Nigeria — The Voters Decide
An Incumbent Holds
Nigeria’s election commission declared Governor Biodun Oyebanji re-elected in Ekiti State. He defied a state long known for turning its sitting governors out of office.
The result was settled at the ballot box and accepted as the count came in. For once, a contested seat was decided cleanly and without violence.
A Quiet Strength
It is the kind of orderly handover that builds confidence over time. An assertive democracy answered its own question through the vote.
The calm result stands out against the country’s other strains. Here, at least, authority was renewed the peaceful way.
South Africa — Who Runs The Coalition
A Reshuffle Pre-Empted
A senior coalition partner announced a cabinet reshuffle before the President had decided. The move laid bare a quiet struggle over who really runs the unity government.
The President is known for taking his time over such choices. His partners, it seems, grew tired of waiting and moved first.
The Bargain Tested
It is the central tension of governing by coalition rather than majority. Power is shared, and so the question of who decides is never fully settled.
Beneath the noise, the economy is slowly mending. But the contest over authority could yet slow the recovery down.
Kenya — The Street Stirs Again
A Tax Law Looms
A new tax law for the coming year now awaits the President’s signature. The government is seeking fresh revenue ahead of next year’s elections.
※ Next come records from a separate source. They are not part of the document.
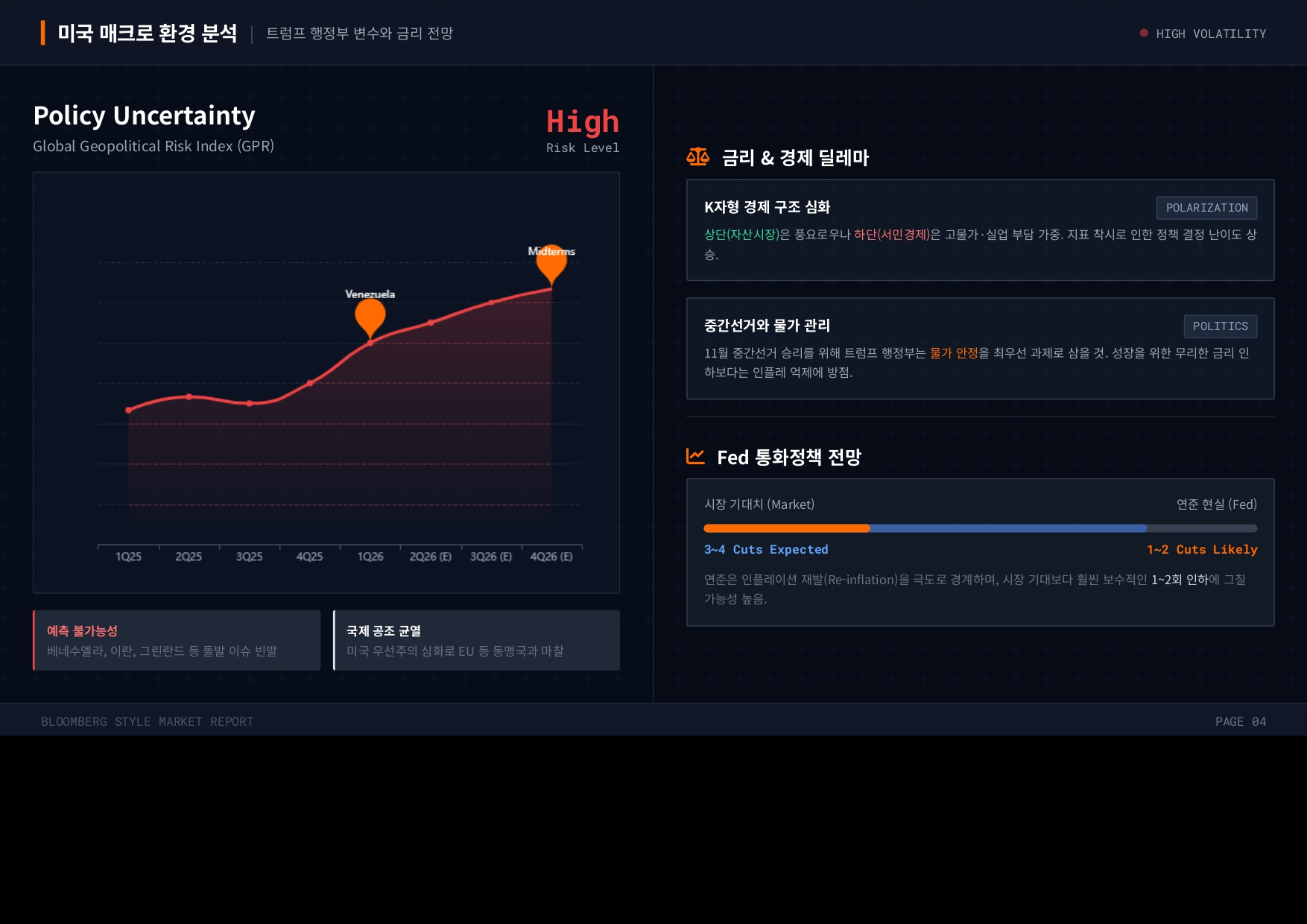 - 미국 금리 인하 기대치 조정: 시장은 3~4회의 금리 인하를 기대하고 있으나, 인플레이션 압력과 서민 경제(K자형 구조 하단) 보호를 위한 트럼프 행정부의 물가 관리 의지로 인해 실제 인하 횟수는 1~2회에 그칠 가능성이 높다.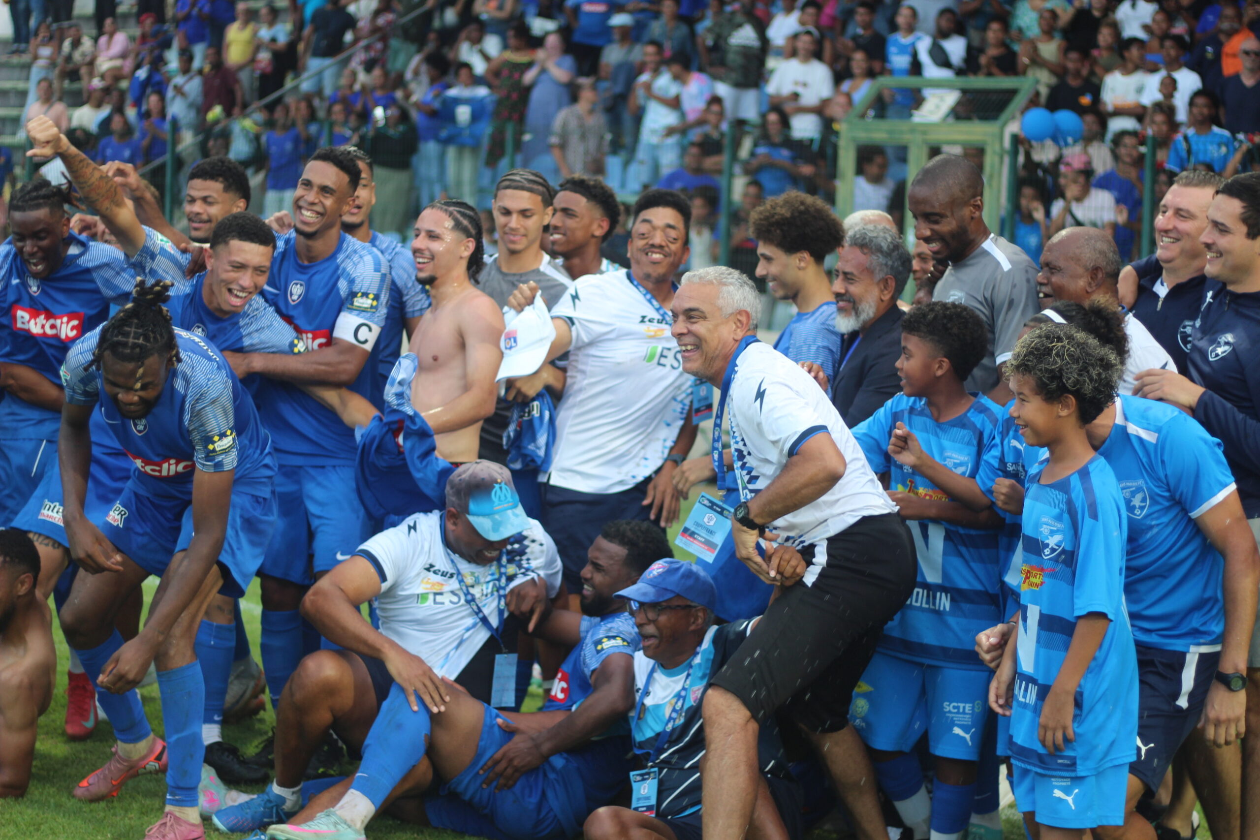 Dans les tribunes, l’ambiance montait encore d’un cran, portée par le kop saint-paulois. Le stade se remplissait à l’approche du coup d’envoi et plus de 3 500 spectateurs prenaient place dans les travées. Chapeau à l’organisation pour le déroulement sans encombre de cette finale, disputée dans un état d’esprit irréprochable. Les premiers magistrats des deux communes — Emmanuel Séraphin pour Saint-Paul et Mathieu Hoarau pour l’Étang-Salé — ont salué joueurs, entraîneurs et supporters. Et pour couronner cette fête, trois invités de prestige ont donné le coup d’envoi fictif : Guillaume Hoarau, Laurent Robert et Ludovic Giuly, tous trois passés par le Paris Saint-Germain. La rencontre pouvait alors débuter.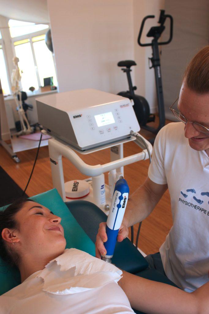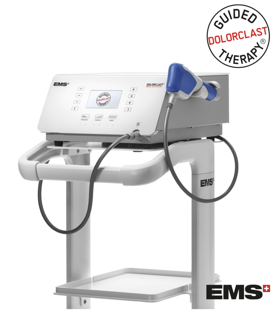 Die Therapie wird mit einem EMS Dolorclast Gerät durchgeführt. Dieses Medizinprodukt ist Marktführer, kommt aus der Schweiz und hat einige patentierte Bestandteile, welche dafür sorgen, dass viel mehr Energie in das Gewebe abgegeben werden kann.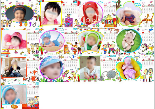 2015台历模板,2015年儿童台历模板,2015宝宝台历模板,1-12月全套模板,psd文件免费下载。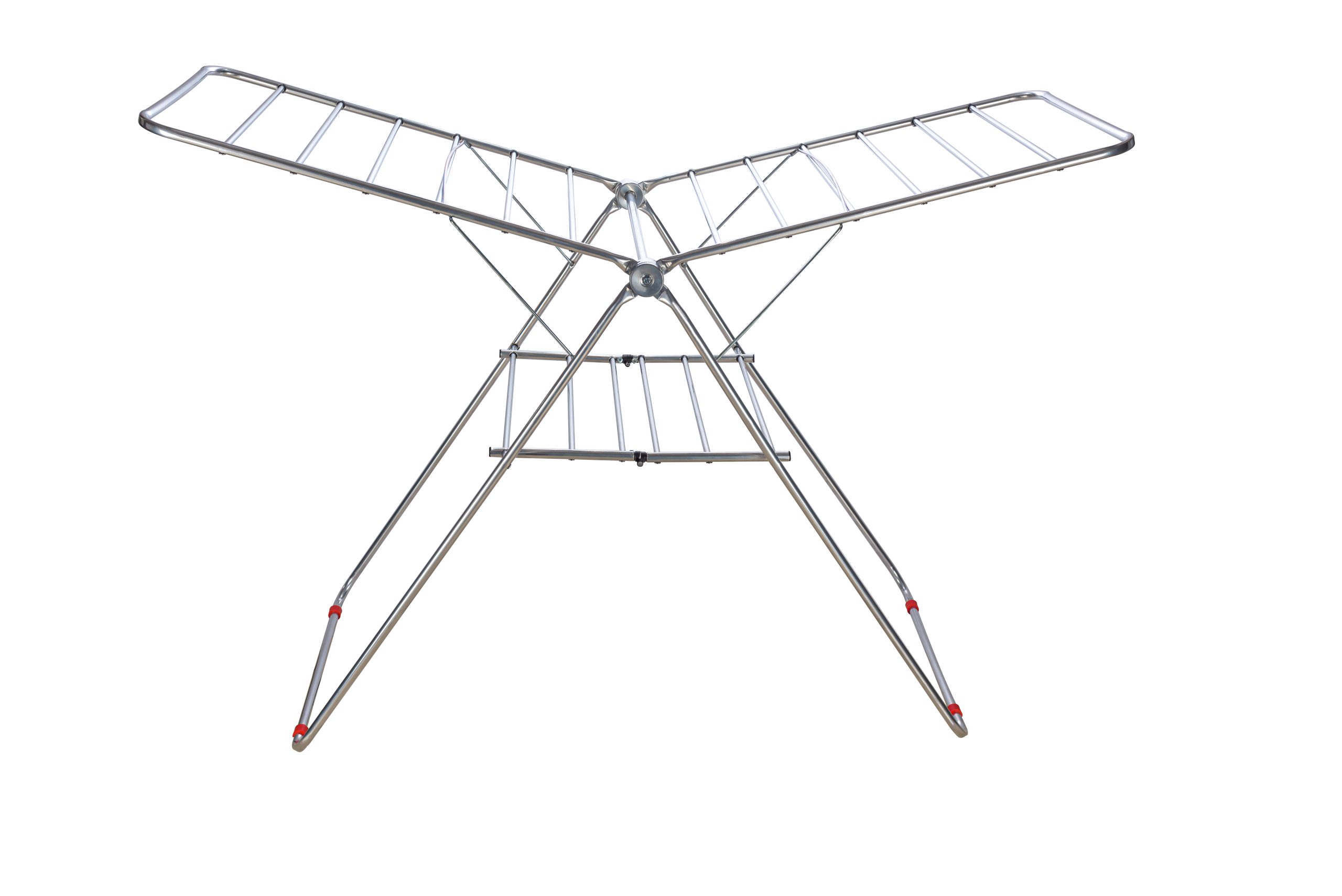 این مدل با پایههای مستحکم و اتصالات بادوام، قادر است وزن زیادی از لباسهای مرطوب را بدون لغزش یا خم شدن تحمل کند. بخشهای قرمز رنگ در نقاط اتصال، زیبایی و ایمنی بیشتری را به ساختار کلی محصول میبخشند.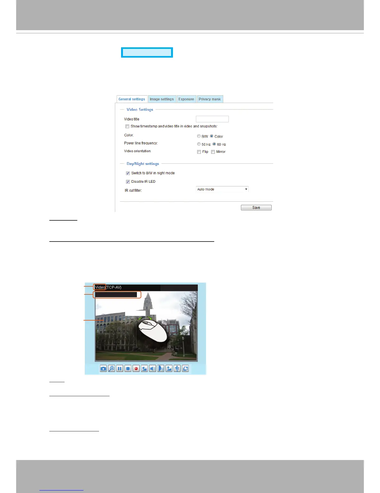Show timestamp and video title in videos and snapshots: Select this checkbox if you prefer video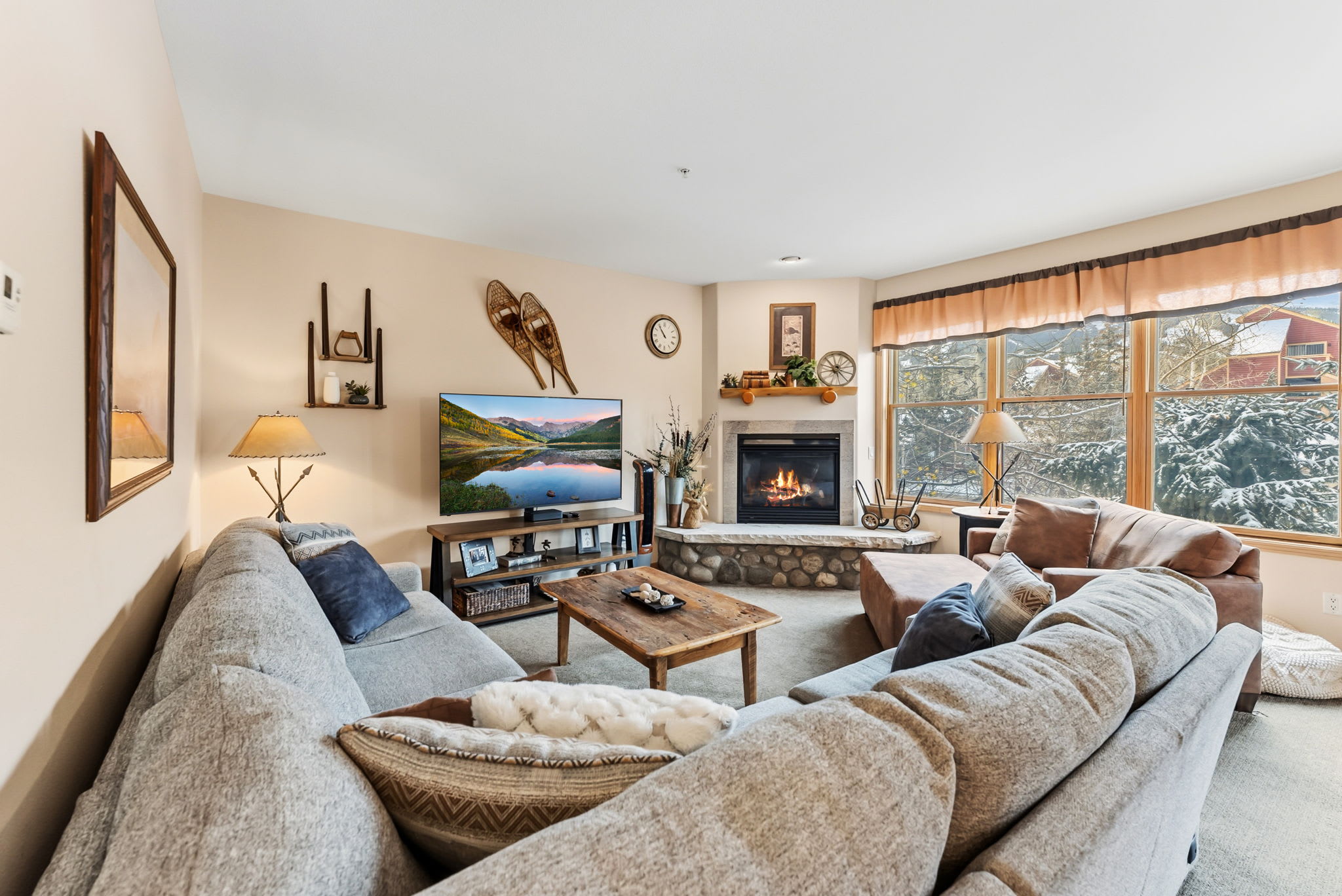 This second floor, elevator-accessed condo unit is 1200 sq ft and has a king bed in the master bedroom, two twin beds and a twin-over-twin bunk bed in the second bedroom (total of 4 twin beds), and a pullout queen sofa bed. Perfect for groups with kids or for close-knit gatherings! There is seating for ten in the dining room with lots of natural lighting. You will love the fully-stocked modern kitchen and the beautiful granite countertops throughout the unit (though you may find that you prefer to experience the unique dining experiences available right at your doorstep with how close to main street you'll be!). Enjoy spectacular mountain views from the private outdoor hot tub on the deck. For your convenience, our unit includes a full-size washer and dryer, free high speed Internet (wired and Wi-Fi), gas fireplace, hair dryer, iron, ironing board and a bike storage closet on the first floor. Bring your bike and go on a ride without worry! Please note that, like most homes in Breckenridge, we do not have A/C. Breckenridge STR License Number:00000 43497

Memories of last year’s deadly protests are stirring once more. Families of the victims have notified police of planned marches in early July.
A Restless Public
Kenya is a youthful nation that has shown it will take to the street. The contest over the budget keeps spilling out of parliament and into the open.
The government is courting young voters even as anger simmers. The question is whether the public accepts the new law or rejects it.
Nigeria — The Currency Slips
A Four-Week Low
The naira weakened to about 1,373 to the dollar, its lowest in four weeks. The slide kept pressure on businesses and households alike.
At the same time, manufacturers warned that credit to their sector had fallen sharply. The squeeze makes it harder for firms to invest and grow.
The Quiet Argument
Money carries the same argument about control in a quieter form. A weaker currency tests how firmly the authorities can steady the economy.
The reforms of recent years were meant to bring stability over time. For now, the strain is still being felt across the country.
The Sahel — The State Under Fire
Capitals Under Pressure
Armed groups keep pressing the military-led states across the central Sahel. A recent strike on Niamey’s strategic airport showed how exposed the capitals remain.
The juntas in Mali, Burkina Faso, and Niger have leaned on new partners. They have cut many of their old ties to Western governments.
The Contest By Force
Here the question of who governs is being settled with guns, not votes. It is the starkest form of the week’s argument over authority.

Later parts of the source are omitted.